Work required: The lines from the one containing "Description: Tourists cruise" through the last line below, both ends included, must be reproduced exactly, with no pictures.

Records for this task:
|---|
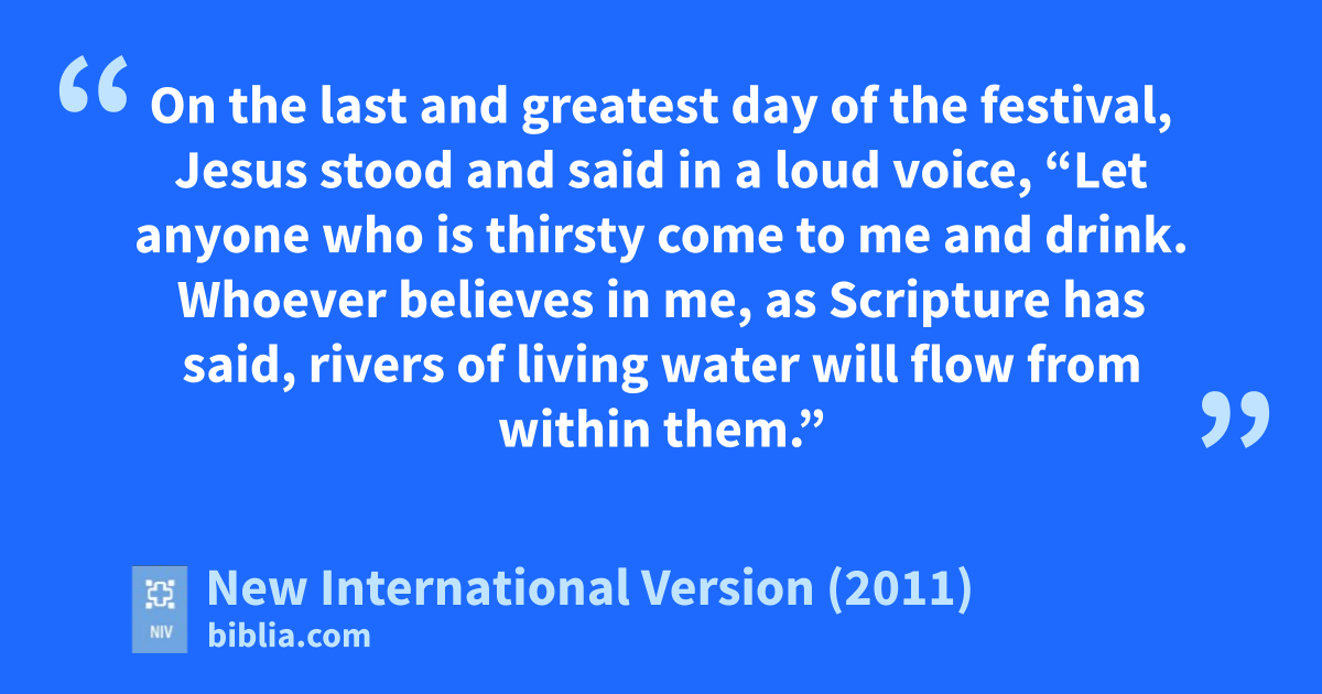 37 On the last and greatest day of the festival,x Jesus stood and said in a loud voice, “Let anyone who is thirsty come to me and drink.y 38 Whoever believesz in me, as Scripture has said,a rivers of living waterb will flow from within them.”c c 39 By this he meant the Spirit,d whom those who believed in him were later to receive.e Up to that time the Spirit had not been given, since Jesus had not yet been glorified.f
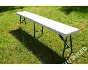 Bardzo ładna, praktyczna, solidna, składana ławka z odpornej na warunki atmosferyczne płyty z tworzywa sztucznego.
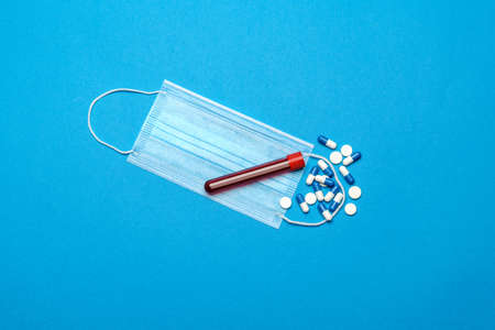 Protective medical face masks, test tube with blood sample and pills on a blue background - Top view with copy space
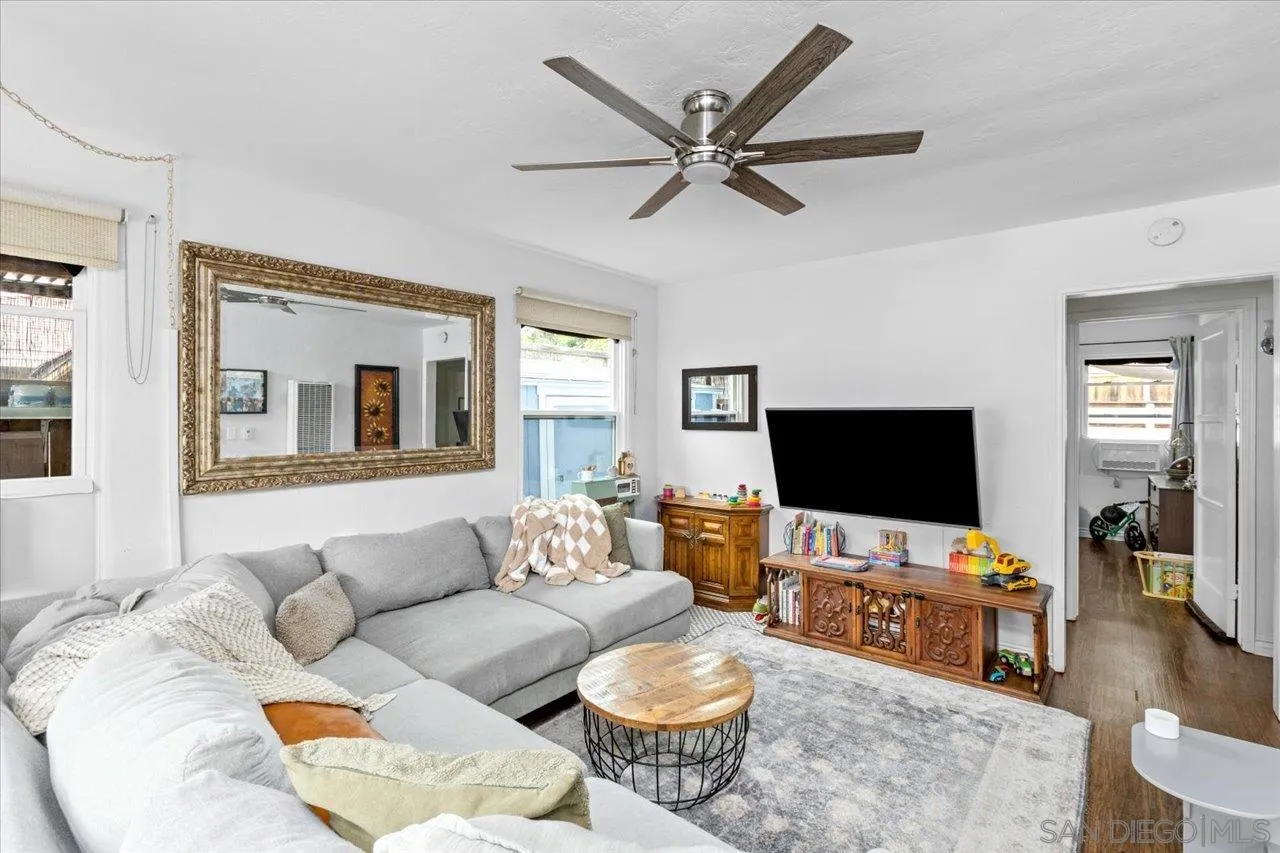 New pricing! Renovated, single-level San Diego home w/ prime location that is loaded with charm & character! Assumable VA loan! Curb appeal is apparent from the moment you drive up from the exterior paint & front door to the beautifully fenced turf yard & porch area with stunning rock & wood walls & benches. Step inside to beautiful warm brown luxury vinyl floors & a serene living space adjoining the stylishly updated kitchen. The robin's egg blue & white cabinetry, counters, backsplash, exposed shelves & stainless steel appliances make for a modern designer kitchen. Plenty of cabinets & open & closed shelving makes storage abundant. Two spacious bedrooms plus a third, private bedroom on the other side of the home (converted from the former garage) complete the floor plan along with a remodeled bathroom with shower/tub combo. Two of the bedrooms have very deep & tall closets to maximize the storage potential of this cozy home. The inside laundry area/mud room is large enough to accommodate a full-size washer/dryer side-by-side plus extra storage. Outside, enjoy the spacious low-maintenance backyard with concrete, turf, & a covered patio area. A hose running to the upper turf yard area - accessed by a gated staircase - allows for easy watering of the raised vegetable/plant gardens. Sit beneath the gorgeous mature Pepper Tree & enjoy the San Diego sunsets & evening breezes. This home also features 2 outside storage sheds that will convey! NO HOA, NO Mello-Roos, & a convenient location just off of College offers easy access to everywhere you want to be in San Diego!
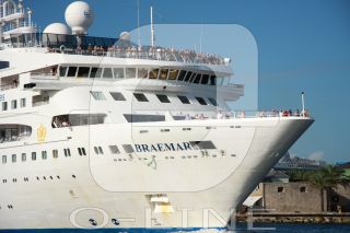 Description: Tourists cruise ship sailing into the harbour at Curacao Netherlands Antilles
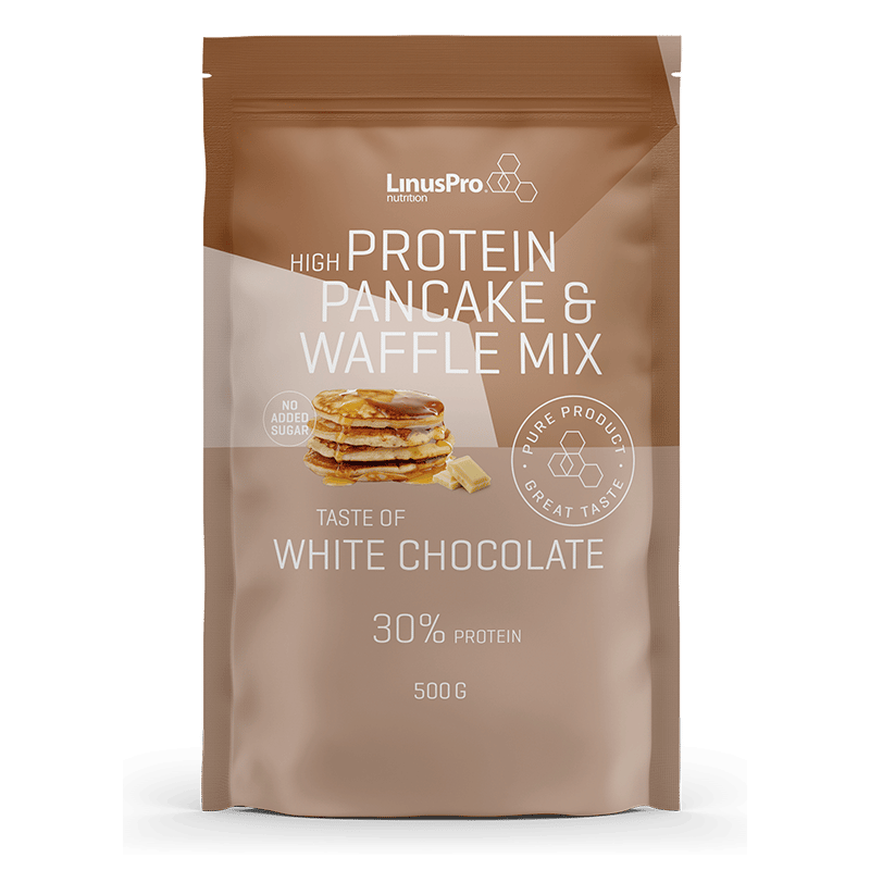 Vi har fundet Linuspro Protein Pancake Waffle Mix – White Chocolate G – Pandekageblanding fra Linuspro hos Muscle House i kategorien Pandekageblanding. LinusPro Protein Pancake & Waffle Mix – White Chocolate (500g) Proteinrig og smagsfuld pandekageblanding fra LinusPro. Hver dosering indeholder kun 337 kalorier, hele 30% protein og er uden tilsat sukker. Højt proteinindhold Fantastisk smag Hver doserin
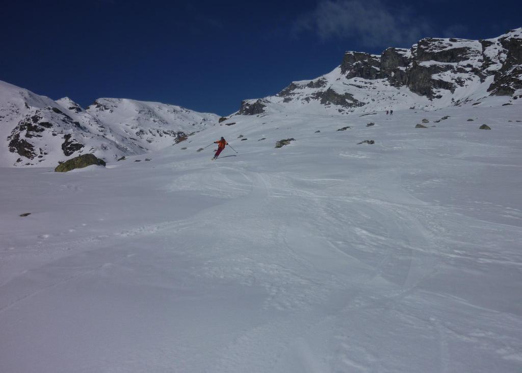 bella gita, oggi in condizioni ottime a patto di scendere presto, vista l’esposizione est. noi abbiamo iniziato la discesa alle 9.50, e gli ultimi 200 mt erano molto molto marci (per questo non do 5 stelle). per il resto perfetta! Si parte da quota 1400 mt circa.
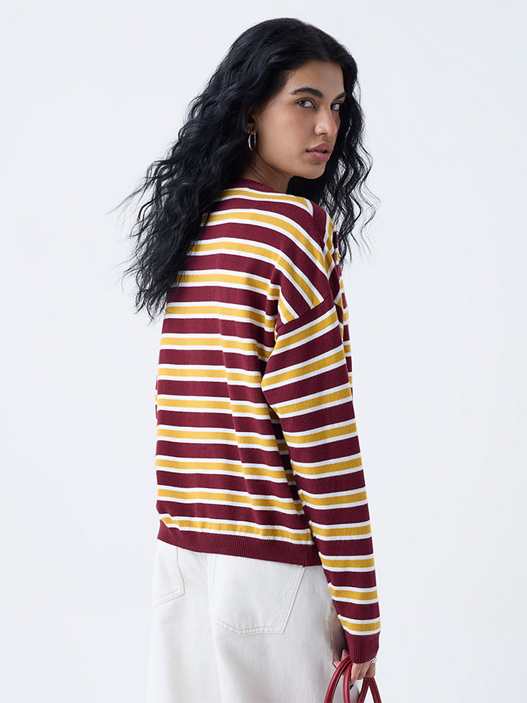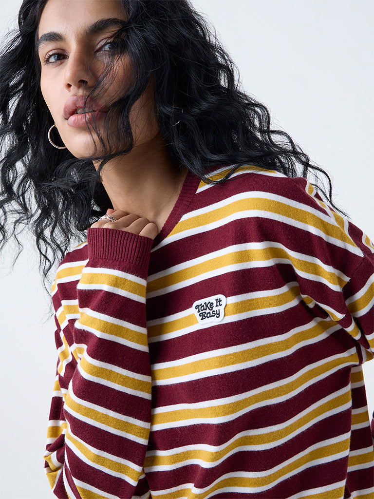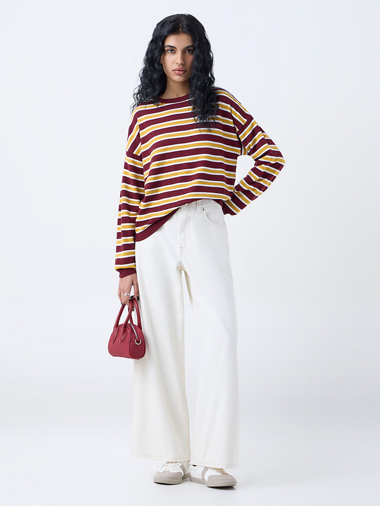 Nuon brings this vibrant sweatshirt featuring bold mustard stripes. Woven from a soft and lightweight fabric. it is styled with a round neck and full sleeves.
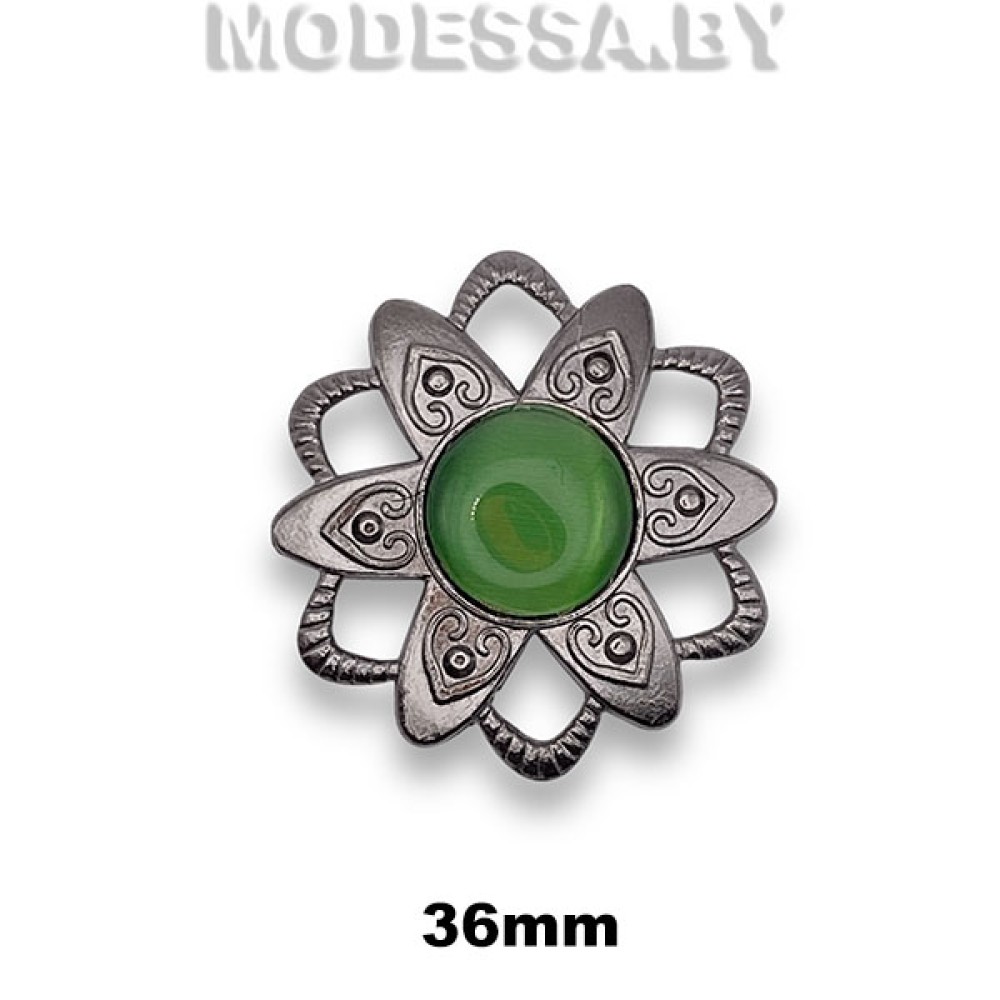 2624 СКВ Украшение 36х36мм Ц:Чёрный никель/Зелёный
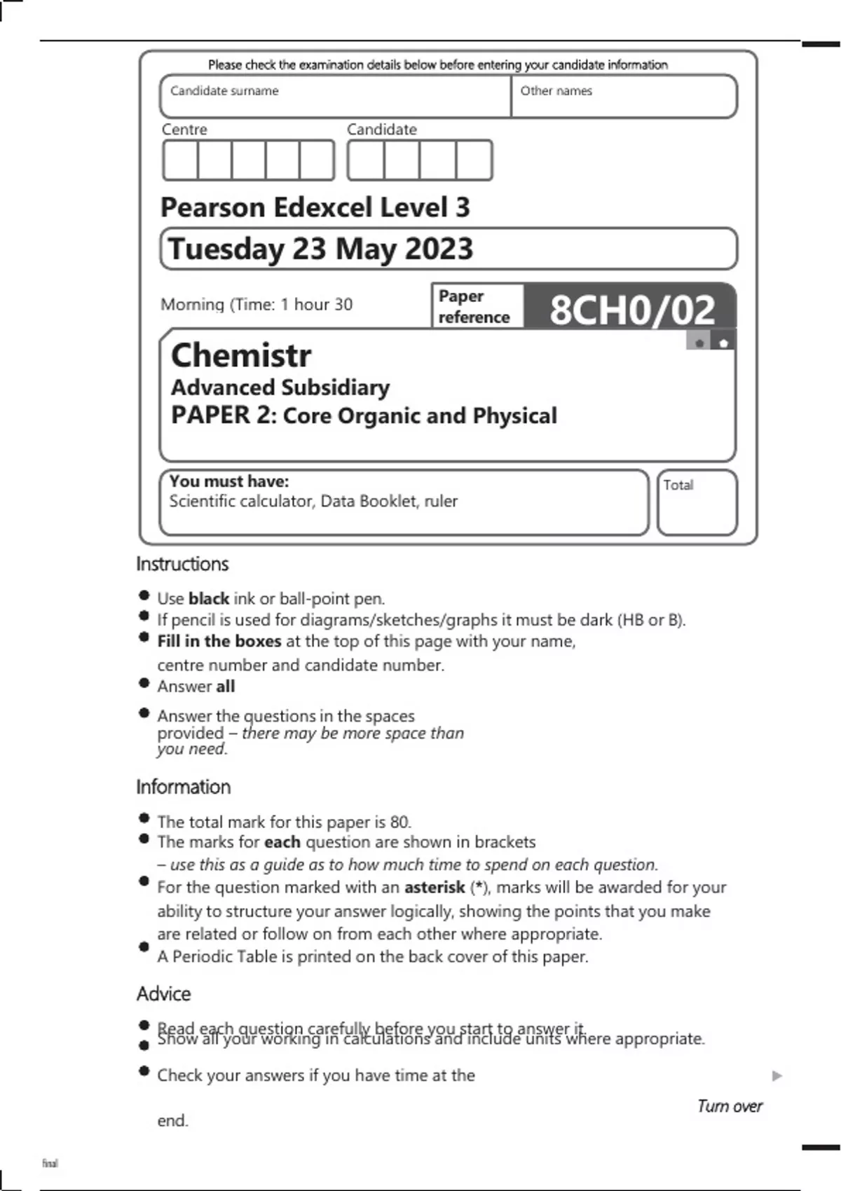 PAPER 2: Core Organic and Physical
|---|
Response for this exercise:
 Description: Tourists cruise ship sailing into the harbour at Curacao Netherlands Antilles
 Vi har fundet Linuspro Protein Pancake Waffle Mix – White Chocolate G – Pandekageblanding fra Linuspro hos Muscle House i kategorien Pandekageblanding. LinusPro Protein Pancake & Waffle Mix – White Chocolate (500g) Proteinrig og smagsfuld pandekageblanding fra LinusPro. Hver dosering indeholder kun 337 kalorier, hele 30% protein og er uden tilsat sukker. Højt proteinindhold Fantastisk smag Hver doserin
 bella gita, oggi in condizioni ottime a patto di scendere presto, vista l’esposizione est. noi abbiamo iniziato la discesa alle 9.50, e gli ultimi 200 mt erano molto molto marci (per questo non do 5 stelle). per il resto perfetta! Si parte da quota 1400 mt circa.
 Nuon brings this vibrant sweatshirt featuring bold mustard stripes. Woven from a soft and lightweight fabric. it is styled with a round neck and full sleeves.
 2624 СКВ Украшение 36х36мм Ц:Чёрный никель/Зелёный
 PAPER 2: Core Organic and Physical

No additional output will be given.